A hook is a technique that lets you trap some Ruby event, such as object creation. Let’s take a look at some common Ruby hook techniques.

Hooking Method Calls

The simplest hook technique in Ruby is to intercept calls to methods in system classes. Perhaps you want to log all the operating system commands your program executes. Simply rename the method Kernel.system, and substitute it with one of your own that both logs the command and calls the original Kernel method:

class Object

alias_method :old_system, :system

def system(*args)

old_system(*args).tap do |result|

puts "system(#{args.join(', ')}) returned #{result.inspect}"

end

end

end

system("date")

system("kangaroo", "-hop 10", "skippy")

Produces:

Mon May 27 12:31:42 CDT 2013

system(date) returned true

system(kangaroo, -hop 10, skippy) returned nil

The problem with this technique is that you’re relying on there not being an existing method called old_system . A better alternative is to make use of method objects, which are effectively anonymous:

class Object

old_system_method = instance_method(:system)

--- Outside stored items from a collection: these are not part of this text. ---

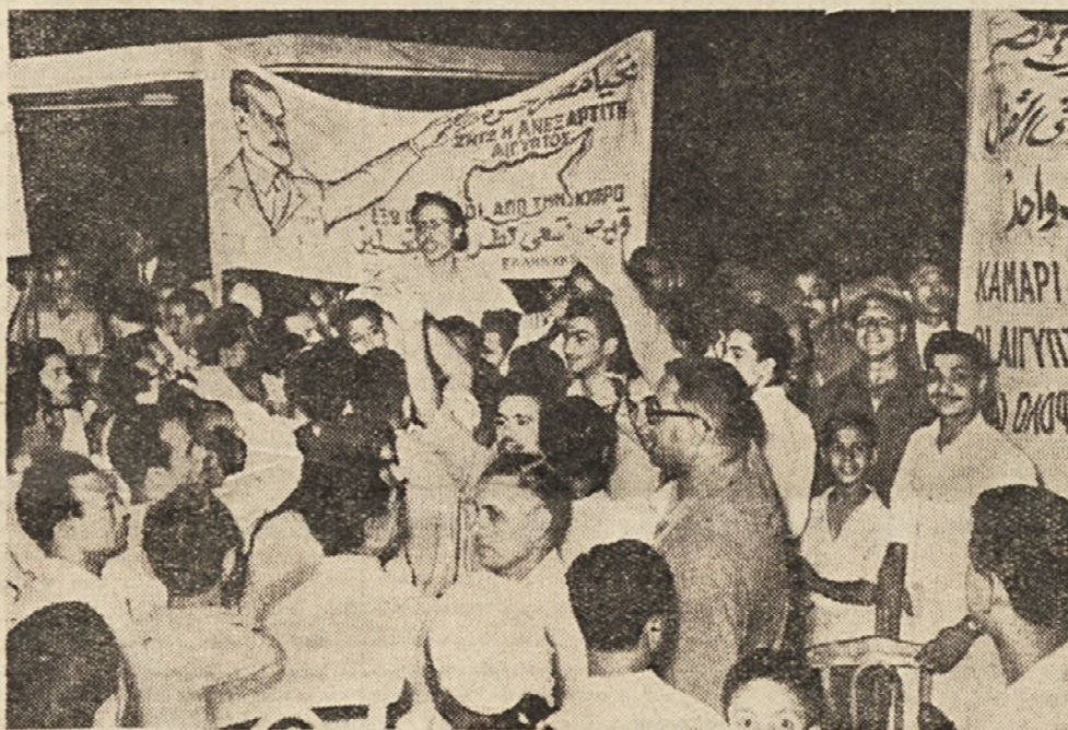
Na sliki: manifestacija egiptovskih visokošolcev po nacionalizaciji družbe za Sueski prekop. V trenutku, ko se je Egipt znašel pred grožnjami V. Britanije in Francije, se je v deželi skovala ljudska enotnost, ki je najbolj odgovor na poskuse, da bi se s posegi od zunaj omajala odločitev vlade Z Egiptom se je od 26. julija, t. j. dneva nacionalizacije, znašel ves arabski svet, ki ga s simpatijo podpirajo vse miroljubne države.
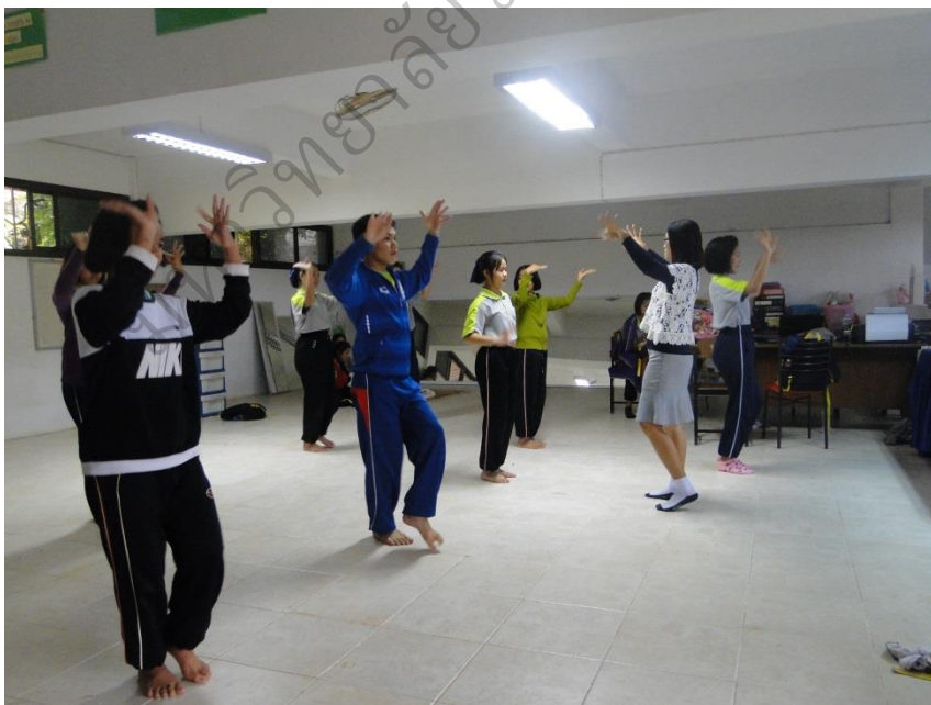
ภาพประกอบ 18 การดำเนินกิจกรรมการจัดการเรียนการสอนรายวิชานาฏศิลป์ ระดับชั้นมัธยมศึกษาปีที่ 2 โรงเรียนนางวราภรณ์รังสรรค์
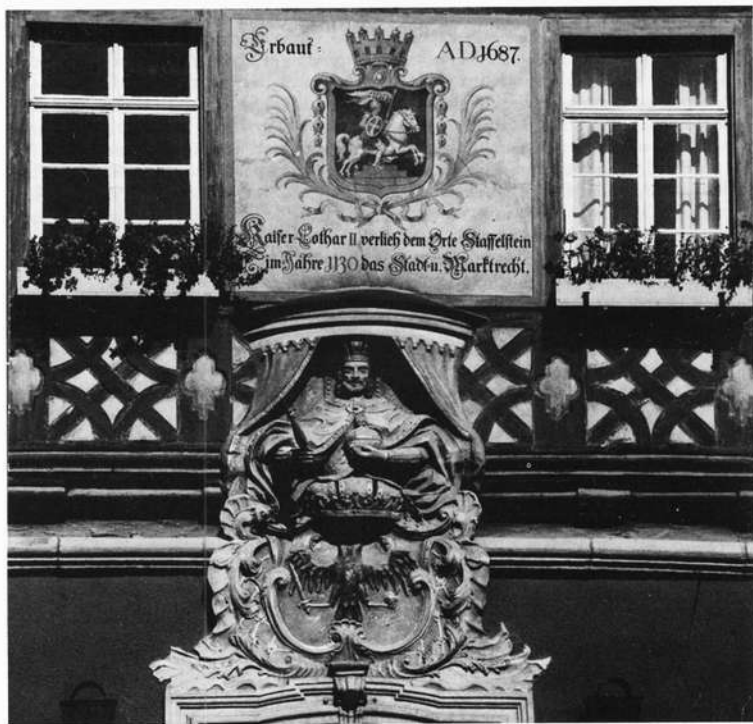
Am Rathaus in Staffelsein
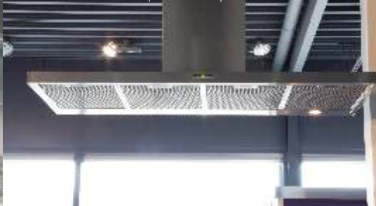
PSX eilandschouw | PSX1206ES | afm. 120x60x4cm
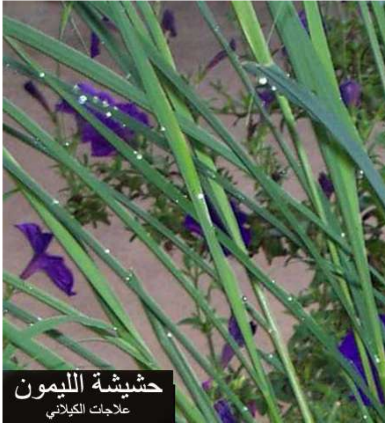
حشيشة الليمون علاجات الكيلاني

الأجزاء المستخدمة من النبات: الاوراق والزيت العطري. للمغص وعسر الهضم: تستعمل حشيشة الليمون بشكل عام لعلاج المشكلات الهضمية حيث ترخي عضلات المعدة والأمعاء وتزيل آلام المغص وانتفاخ البطن وهي ملائمة جداً للأطفال على وجه الخصوص ويستعمل ملعقة صغيرة من مسحوق النبات على نصف كوب ماء مغلي ويترك خمس دقائق ثم يشرب. لاحتقان الطحال: وتستعمل حشيشة الليمون على هيئة مستحلب يحضر بوضع ملء ملعقة كبيرة من مسحوق الأوراق في كوب ثم يملأ بالماء المغلي ويترك لمدة عشر دقائق ثم يصفى ويشرب منه كوب بعد الفطور وآخر بعد العشاء مباشرة او عند الذهاب الى النوم، ويستمر على هذا العلاج لمدة اسبوع او حتى زوال الاحتقان في الطحال.
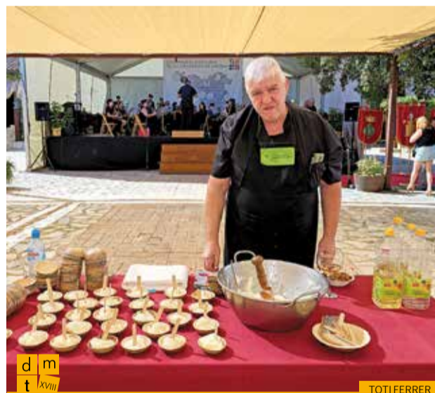
Taula de preparació de l'allioli de Morter
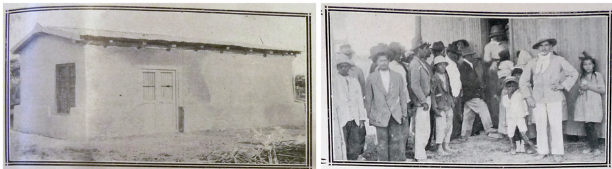
FIGURA 5. Fotografías de la prensa donde se muestra una vivienda de dimensiones mínimas (izq.) y comercio construido con materiales de rápido ensamblado (der.)
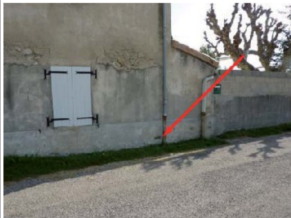
Repère n°2 : chemin de la plaine
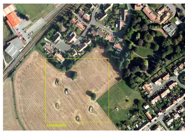
Situation de l'ensemble de casemate sur une photographie aérienne de 2014 IVR32_20175900927NUCA
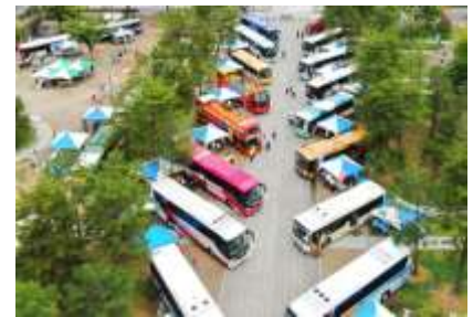
過去のバスまつりの様子

今後も、多くのお客さまにお出かけを楽しんでいただけるよう、交通事業者等との連携により対応路線の拡大に取り組んでまいります。
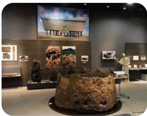
제 2 전시실에서는「이케가미소네 월드」라고 하는 테마로 박물관이 입지해 있는 나라의 사적인 이케가미소네 유적에서 출토된 유물을 전시·소개하고 있습니다.
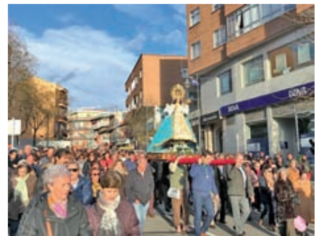
Traslado de marzo de 2018

La Virgen de la Paz es trasladada en procesión cada 25 de diciembre, Día de Navidad, desde su Ermita hasta la Iglesia de San Pedro, don-
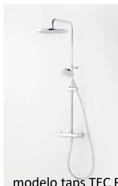
modelo taps TEC ROUND
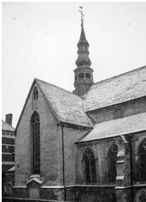
Hulpbehoevenden worden vergeten

Maar hoe gaat het stadsbestuur om met erfgoed waar ze wel een inbreng in heeft, zoals de ontwijde Begijnhofkerk , haar eigendom. Sedert de jaren 1980 zijn er architectuurplannen voor de restauratie van de kerk en nog steeds is er niets gebeurd met dit Unesco Werelderfgoed. Gedurende meer dan 35 jaar laat de Stad de kerk aan haar lot over en staat ze er verwaarloosd en gesloten bij.
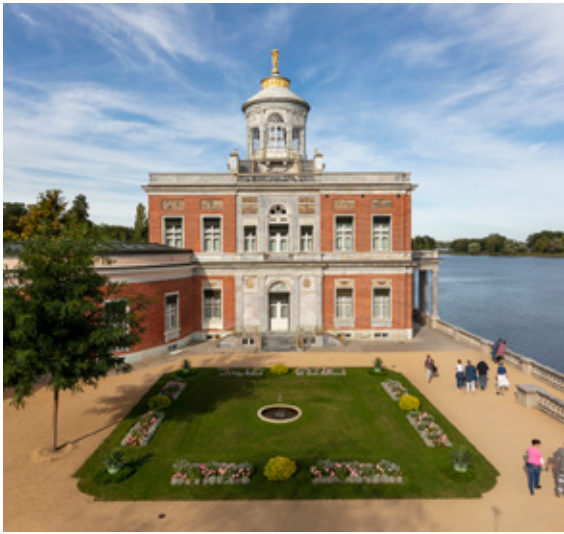
Blick auf Schloss Sanssouci. Friedrich II. verbrachte hier bis zu seinem Tod die Sommermonate

© SPSG / André Stiebitz Das Marmorpalais im Neuen Garten © SPSG / André Stiebitz Das Dampfmaschinenhaus an der Neustädter Havelbucht © SPSG / Virginie Mühlbrodt Schloss Babelsberg © SPSG / Hans Bach
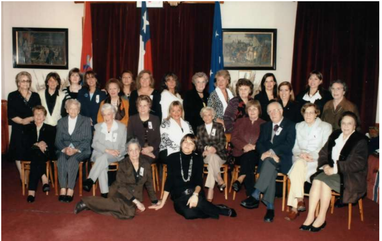
Con las Damas Croatas de Punta Arenas en el Club Croata de esa ciudad
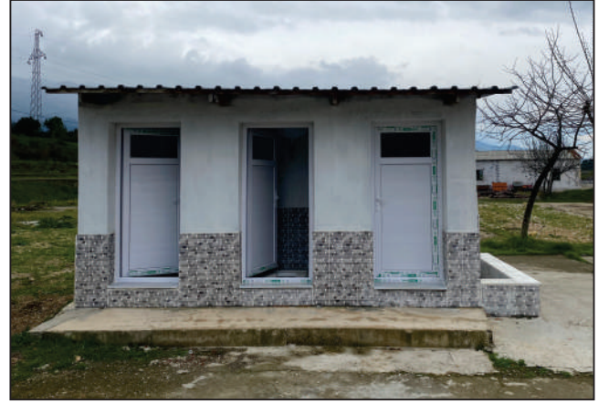
AKTEPE MAHALLESİ BARAJ ÇEVRE YOLU SOKAK BİNA TADİLAT ÇALIŞMASI ESKİ VE YENİ HALİ
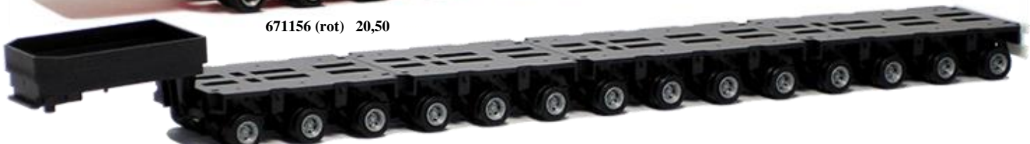
671157 (schwarz) 20,50
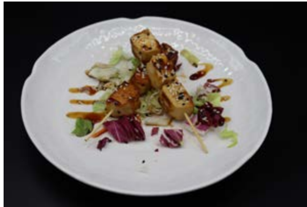
272. Spiedini di tofu € 7 TOFU, TERIYAKI E SESAMO (6-11)
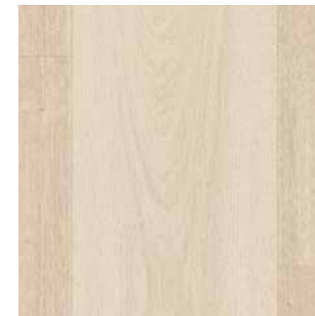
▲ EGGER Eclíc – Dub prkno bílý Laminátová plovoucí podlaha vč. obvodových lišt
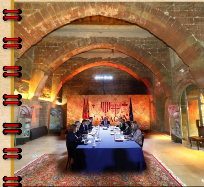
11 dic. 2018. Reunión del Consejo de Gobierno de Aragón en la Sala Capitular del Real Monasterio de Santa María de Sigena.
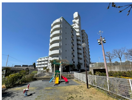
隣接する公園と外観
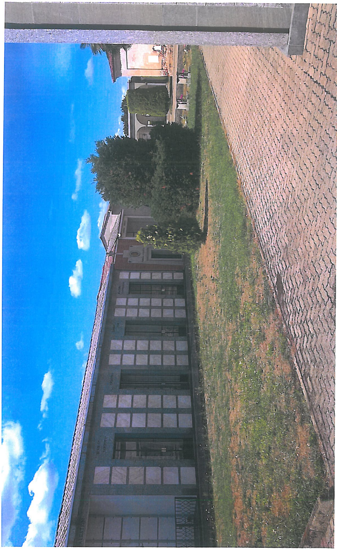
Vista 6 lato SUD-OVEST: particolare area oggetto di intervento
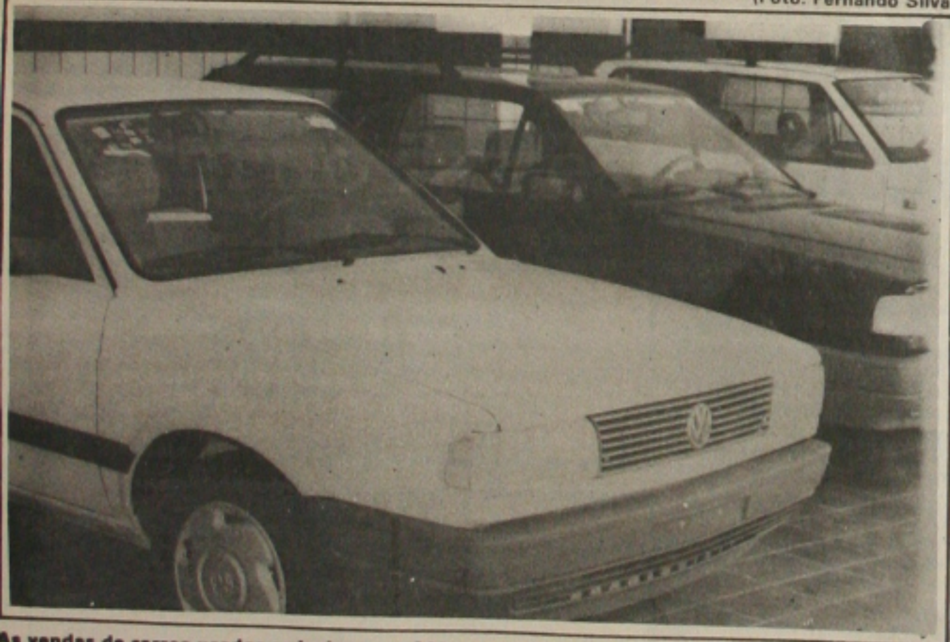
As vendas de carros usados reduziram em 20% devido o último reajuste
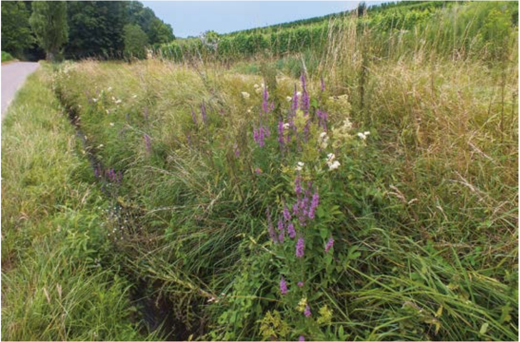
Abbildung 3: Bachbegleitende Mädesüß-Staudenflur mit Blutweiderich ( Lythrum salicaria ) am Talausgang des Mühlentals in Ihringen (Juli 2013)
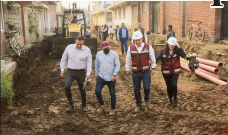
URUAPAN, MICH.- Al continuar con la ejecución del Programa de Obras Públicas de este año, el alcalde, Ignacio Campos Equihua, dio ayer el banderazo de arranque a tres trabajos de pavimentación, en los que la inversión es superior a los 12.2 millones de pesos.

■ Son asentamientos que desde hace muchos años carecen de la adecuada infraestructura urbana
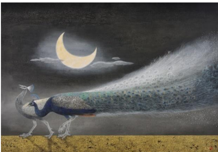
西田 俊英「月と孔雀」2017年 岩絵具・和紙
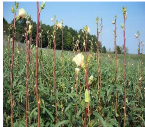
Slika 8.: Domaća bamija
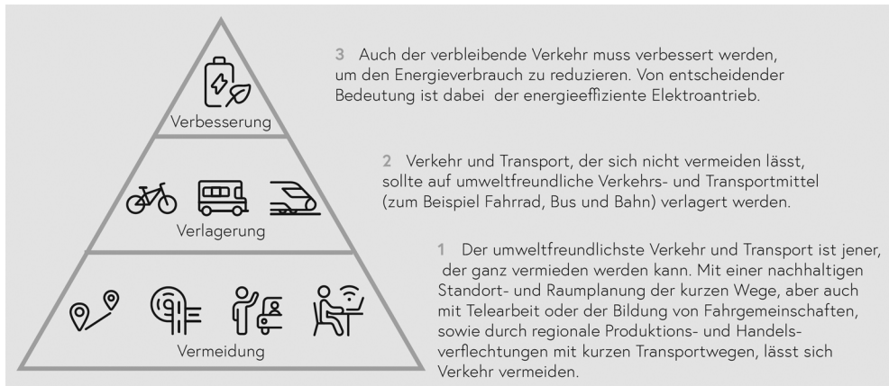
Abb 3: Pyramide nachhaltiger Mobilität [Bundesministerium für Klimaschutz, Umwelt, Energie, Mobilität, Innovation und Technologie, Mobilitätsmasterplan 2030 für Österreich, 2021]

Die Bedeutung der Verkehrsverlagerung wird so umso größer und findet sich zumindest teilweise in einem weiteren Strategiedokument der Europäischen Kommission , der „Smart and Sustainable Mobility Strategy“ aus dem Jahr 2020. 30 Diese Strategie definiert unter anderem die Ziele einer Verdoppelung des Hochgeschwindigkeitsverkehrs auf der Schiene und des Ausbaus der Fahrradinfrastruktur bis 2030 oder einer Verdoppelung des Schienengüterverkehrs bis 2050. Entsprechende Maßnahmen zur Erreichung dieser Ziele müssen erst gesetzt werden.

define_method(:system) do |*args|

old_system_method.bind(self).call(*args).tap do |result|

puts "system(#{args.join(', ')}) returned #{result.inspect}"

end

end

end

system("date")

system("kangaroo", "-hop 10", "skippy")

Produces:

Mon May 27 12:31:43 CDT 2013

system(date) returned true

system(kangaroo, -hop 10, skippy) returned nil

Ruby 2.0 gives us a new way of doing this. Modules can be used to include new instance methods in some other module or class. Until now, these methods were added behind the host module or class’s own methods—if the module defined a method with the same name as one in the host, the host method would be called. Ruby 2 adds the prepend method to modules. This lets you insert the module’s methods before the host’s. Within the module’s methods, calling super calls the host’s method of the same name. This gives us:«2.0»

module SystemHook

private

def system(*args)

super.tap do |result|

puts "system(#{args.join(', ')}) returned #{result.inspect}"

end

end

end

class Object

prepend SystemHook

end

system("date")

system("kangaroo", "-hop 10", "skippy")

Produces:

Mon May 27 12:31:43 CDT 2013

system(date) returned true

system(kangaroo, -hop 10, skippy) returned nil

Object Creation Hooks

Ruby lets you get involved when objects are created. If you can be present when every object is born, you can do all sorts of interesting things: you can wrap them, add methods to them, remove methods from them, and add them to containers to implement persistence—you name it. We’ll show a simple example here. We’ll add a timestamp to every object as it’s created. First, we’ll add a timestamp attribute to every object in the system. We can do this by hacking class Object itself:

class Object

attr_accessor :timestamp

end

Then, we need to hook object creation to add this timestamp. One way to do this is to do our method-renaming trick on Class#new, the method that’s called to allocate space for a new object. The technique isn’t perfect—some built-in objects, such as literal strings, are constructed without calling new —but it’ll work just fine for objects we write.

class Class

old_new = instance_method :new

define_method :new do |*args, &block|

result = old_new.bind(self).call(*args, &block)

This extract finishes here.